[Pioneers and Founders by Charlotte Mary Yonge]@TWC D-Link bookPioneers and Founders CHAPTER VI 64/82
He took delight in the most spiritual mystical writings he could find,--a Kempis, Madame Guyon, Fenelon, and the like,--and endeavoured to fulfil the Gospel measure of holiness.
He gave up his whole patrimony to the American Baptist Mission Board (now separate from England and Serampore), mortified to the very utmost his fastidious delicacy by ministering to the most loathsome diseases; and to crush his love of honour, he burnt a letter of thanks for his services from the Governor-General of India, and other documents of the same kind. He fasted severely, and having by nature a peculiar horror of the decay and mouldering of death, he deemed it pride and self-love, and dug a grave beside which he would sit meditating on the appearance of the body after death.

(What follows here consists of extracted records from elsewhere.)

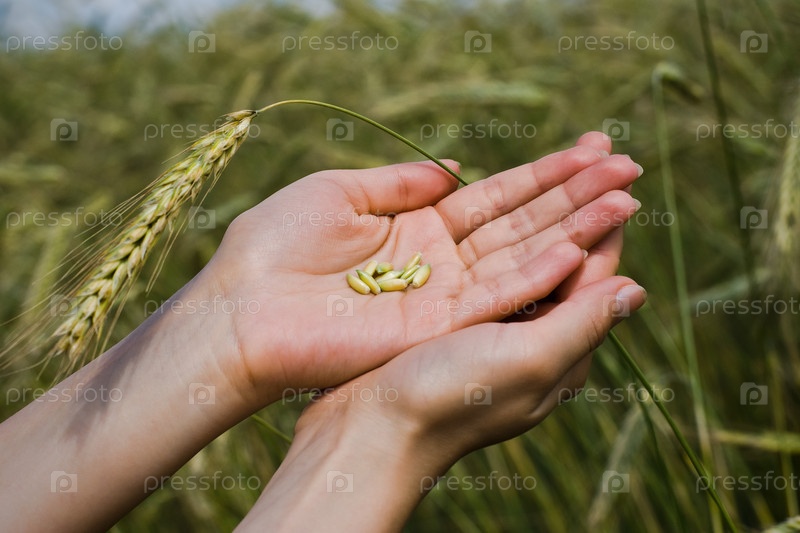 Зерно пшеницы в руках
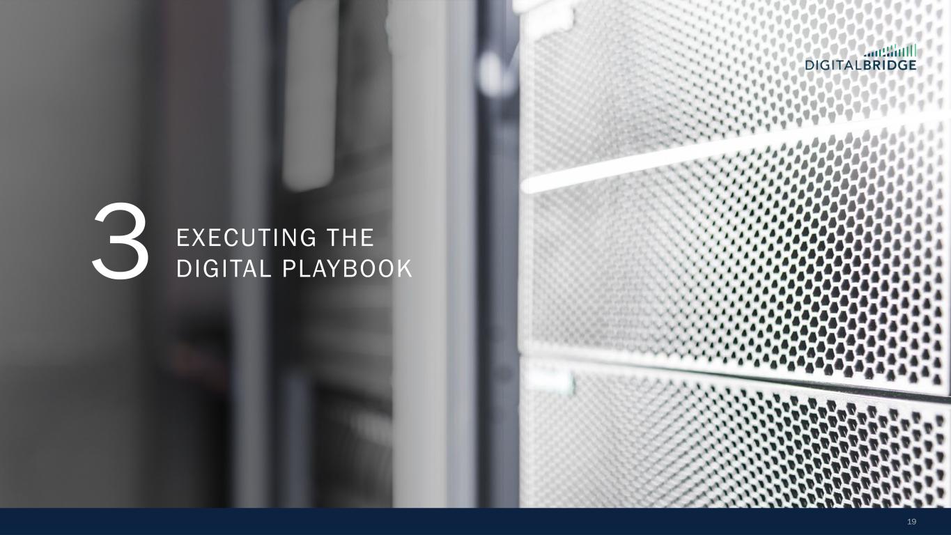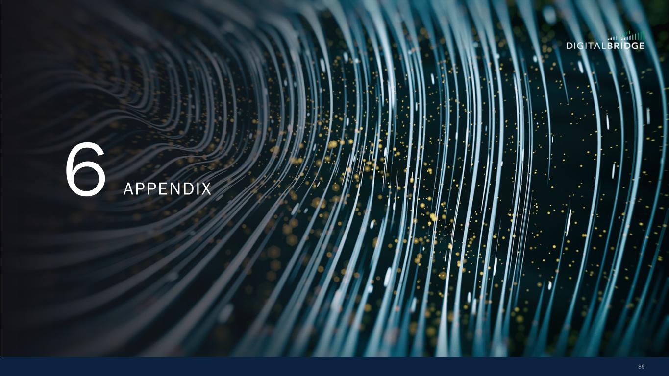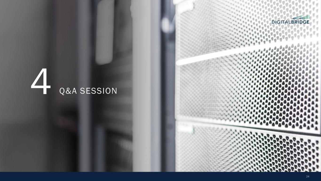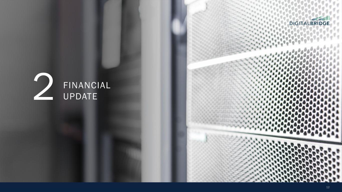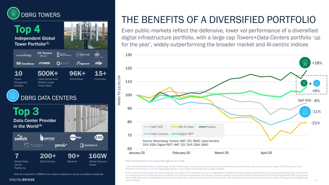 10 60 70 80 90 100 110 120 130 January-25 February-25 March-25 April-25 S&P 500 MS AI Index Towers Data Centers Digital REIT THE BENEFITS OF A DIVERSIFIED PORTFOLIO Even public markets reflect the defensive, lower vol performance of a diversified digital infrastructure portfolio, with a large cap Towers+Data Centers portfolio ‘up for the year’, widely outperforming the broader market and AI-centric indices 1) As of December 2024. Sources: TowerXchange Q4 2024 Tower League Table (excluding China) and Company websites as of December 2024, reflecting: Altius (Summit Digitel) 257,000, American Tower 149,000+, Cellnex Telecom 110,162, DigitalBridge 96,000+, Crown Castle 40,000, SBA Communications 38,082. 2) As of December 2024, proforma for Yondr acquisition. Completion of the acquisition of Yondr by a DigitalBridge managed fund remains subject to satisfaction of customary conditions precedent, and there can be no assurance that the transaction will be completed in the timeframe anticipated or at all. Sources: Company websites and Data Center Map as of December 2024, reflecting: Digital Realty 300+ data centers; Equinix 260+ data centers; DigitalBridge global data center portco count 200+ data centers; NTT Data Centers 150+; Iron Mountain 30+ data centers; CoreSite 30+ data centers. Ranking based on DigitalBridge internal analysis. +18% -6% -11% -21% S&P 500 +6% + IN D EX T O 12 /3 1/ 24 Global Data Center Platforms Data Centers Markets 7 200+ 90+ 16GW Global Secured Power DBRG TOWERS DBRG DATA CENTERS Tower Companies Globally Active Sites CountriesTotal Owned and Master Lease Tower Sites 10 500K+ 96K+ 15+ Top 4 Independent Global Tower Portfolio(1) Top 3 Data Center Provider in the World(2) Source: Bloomberg; Towers: AMT, CCI, SBAC, Data Centers: DLR, EQIX, Digital REIT: AMT, CCI, DLR, EQIX, SBAC Note: An investment in DBRG is not a direct investment in any of our portfolio companies Note: Diversification is not a guarantee against risk of loss.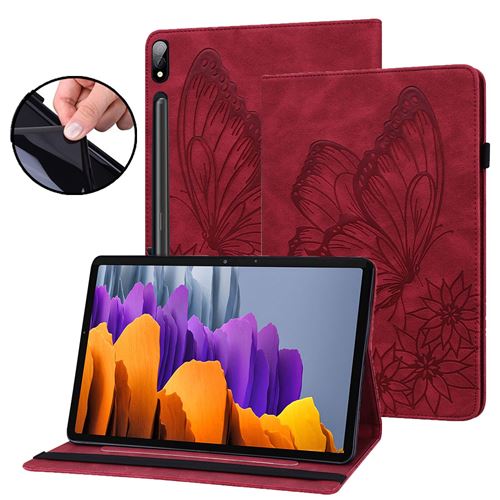 Étui FOXDOCK pour tablette Samsung Galaxy Tab S9 Butterfly Design Premium Cuir Anti-Fall Protection Tablet Cover avec emplacements de carte et fonction du support-Rouge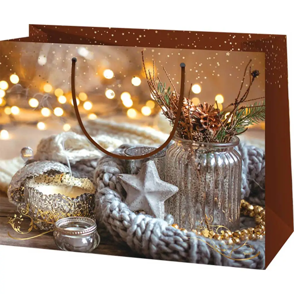 Diese große Geschenktasche erinnert an den Geist und Zauber der Festzeit. Die Tasche mit weihnachtlicher Dekoration, in der die festlichen Lichter und die magischen Elemente von Weihnachten erscheinen, weckt garantiert die Wärme der Dezembermonate und die Aufregung der festlichen Vorbereitungen. Die Tasche mit den Maßen 27x14x33 cm bietet reichlich Platz für Geschenke, sei es ein Buch, Spielzeug oder ein besonderes Kleidungsstück. Die starken Kordelgriffe sorgen für einen bequemen Halt, sodass die Geschenktasche auch mit schwereren Geschenken leicht und sicher transportiert werden kann. Der verstärkte Boden sorgt dafür, dass die Tasche ihre Form behält und die Geschenke stabil darin stehen. Das glänzende laminierte Papier, aus dem sie besteht, verleiht der Tasche nicht nur Strapazierfähigkeit, sondern auch ein äußerst elegantes Aussehen, sodass die Tasche mit dem Geschenk selbst unvergesslich wird.

He had a bamboo hermitage on the borders of the jungle, where he would live on rice for weeks together--only holding converse with those who came to him for religious instruction; and once, when worn out with his work of translation, he went far into the depths of the wildest jungle, near a deserted pagoda, and there sat down to read, pray, and meditate.
The next day, on returning to the spot, he found a seat of bamboo, and the branches woven together for a shelter.
Judson never learnt whose work this was, but it was done by a loving disciple, who had overcome the fear of tigers to provide by night for his comfort, though the place was thought so dangerous that his safety, during the forty days that he haunted it, was viewed by the natives as a miracle.